Multi-application execution in Graphics Processing Units (GPUs), a promising way to utilize GPU resources, is still challenging. Some pieces of prior work (e.g. spatial multitasking) have limited opportunity to improve resource utilization, while others, e.g. simultaneous multi-kernel, provide fine-grained resource sharing at the price of unfair execution. This paper proposes a new multi-application paradigm for GPUs, called NURA, that provides high potential to improve resource utilization and ensure fairness and Quality-of-Service(QoS).
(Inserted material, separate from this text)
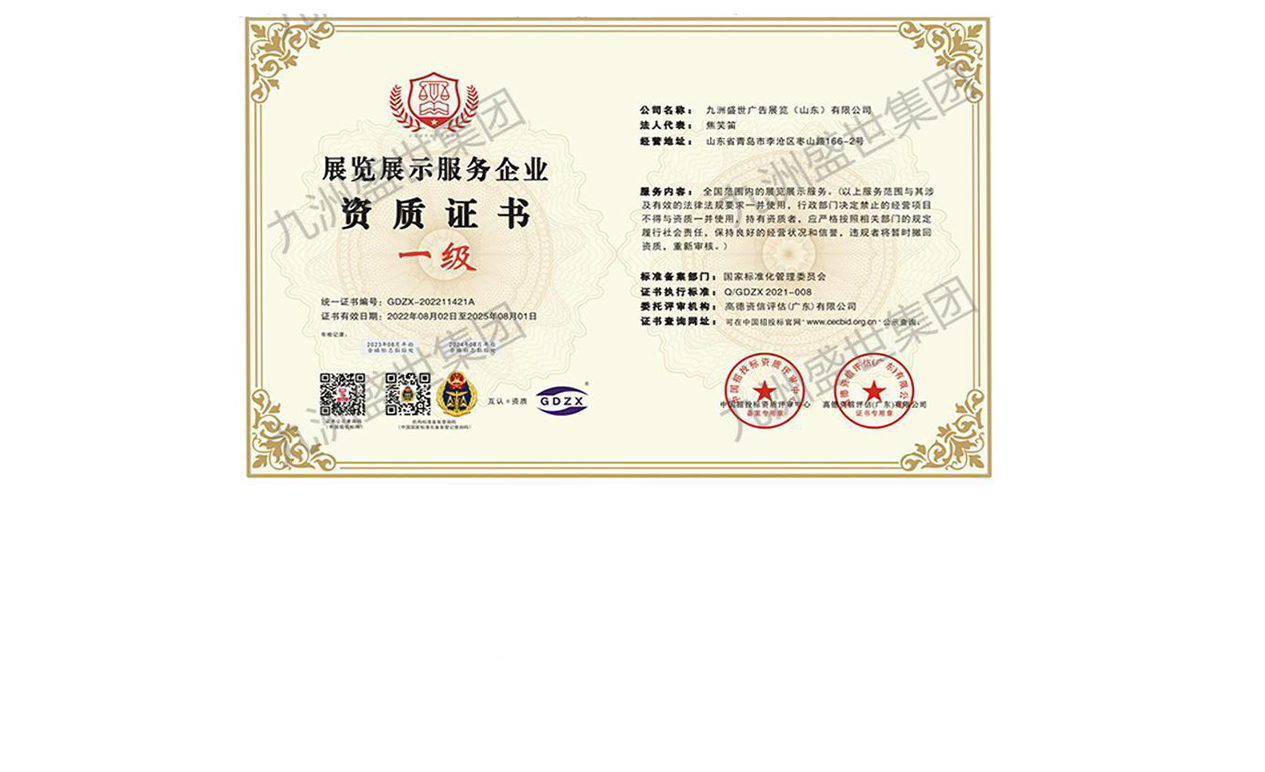 九洲盛世廣告展覽(山東)有限公司是極具時(shí)代創(chuàng)新實(shí)力的展覽展示整合服務(wù)商,專(zhuān)注于展覽展示策劃創(chuàng)意、空間設(shè)計(jì)、虛擬仿真、互動(dòng)科技、影視制作、軟件開(kāi)發(fā)、系統(tǒng)集成、工程運(yùn)營(yíng)的跨界整合,致力于為各類(lèi)政企客戶(hù)提供多媒體展館綜合解決方案。我們致力于為客戶(hù)提供咨詢(xún)、策劃、設(shè)計(jì)、科技、工程落地一站式標(biāo)準(zhǔn)化服務(wù),業(yè)務(wù)涵蓋企業(yè)品牌展廳、企業(yè)產(chǎn)品展廳、文化博物館、地產(chǎn)主題館、科技館、黨建主題館等各類(lèi)多媒體展館一體化總包工程。一直以來(lái),我們始終秉承“創(chuàng)新、專(zhuān)注、高效”的理念,關(guān)注客戶(hù)體驗(yàn)不斷提高核心競(jìng)爭(zhēng)力。

The key idea is that each streaming multiprocessor (SM) executes the Cooperative Thread Arrays (CTAs) that belong to only one application (similar to spatial multi-tasking) and shares its unused resources with the SMs running other applications demanding more resources. NURA handles resource sharing process mainly using a software approach to provide simplicity, low hardware overhead, and flexibility.We also perform some hardware modifications as an architectural support for our software-based proposal. Our conservative analysis reveals that the hardware area overhead of our proposal is less than 1.07% with respect to the whole GPU die. Our experimental results over various mixes of GPU workloads show that NURA improves throughput by 26% compared to the state-of-the-art spatial multi-tasking, on average, while meeting QoS targets. In terms of fairness, NURA has almost similar results to spatial multitasking, while it outperforms simultaneous multi-kernel by 76%, on average.

查看原文本刊更多论文

NURA:支持gpu中非统一资源访问的框架

在图形处理单元(GPU)中执行多应用程序是利用GPU资源的一种很有前途的方法，但仍然具有挑战性。一些先前的工作(例如空间多任务)在提高资源利用率方面的机会有限，而另一些工作(例如同步多内核)以不公平的执行为代价提供了细粒度的资源共享。本文提出了一种新的gpu多应用范例，称为NURA，它在提高资源利用率和确保公平性和服务质量(QoS)方面具有很高的潜力。关键思想是，每个流多处理器(SM)执行只属于一个应用程序的协作线程数组(cta)(类似于空间多任务)，并与运行其他需要更多资源的应用程序的SMs共享其未使用的资源。NURA主要使用软件方法处理资源共享过程，以提供简单性、低硬件开销和灵活性。我们还执行了一些硬件修改，作为基于软件的建议的架构支持。我们的保守分析表明，我们的建议的硬件面积开销相对于整个GPU芯片小于1.07%。我们对各种GPU工作负载混合的实验结果表明，与最先进的空间多任务相比，NURA平均提高了26%的吞吐量，同时满足QoS目标。就公平性而言，NURA的结果与空间多任务处理几乎相似，但它比同步多内核的平均性能高出76%。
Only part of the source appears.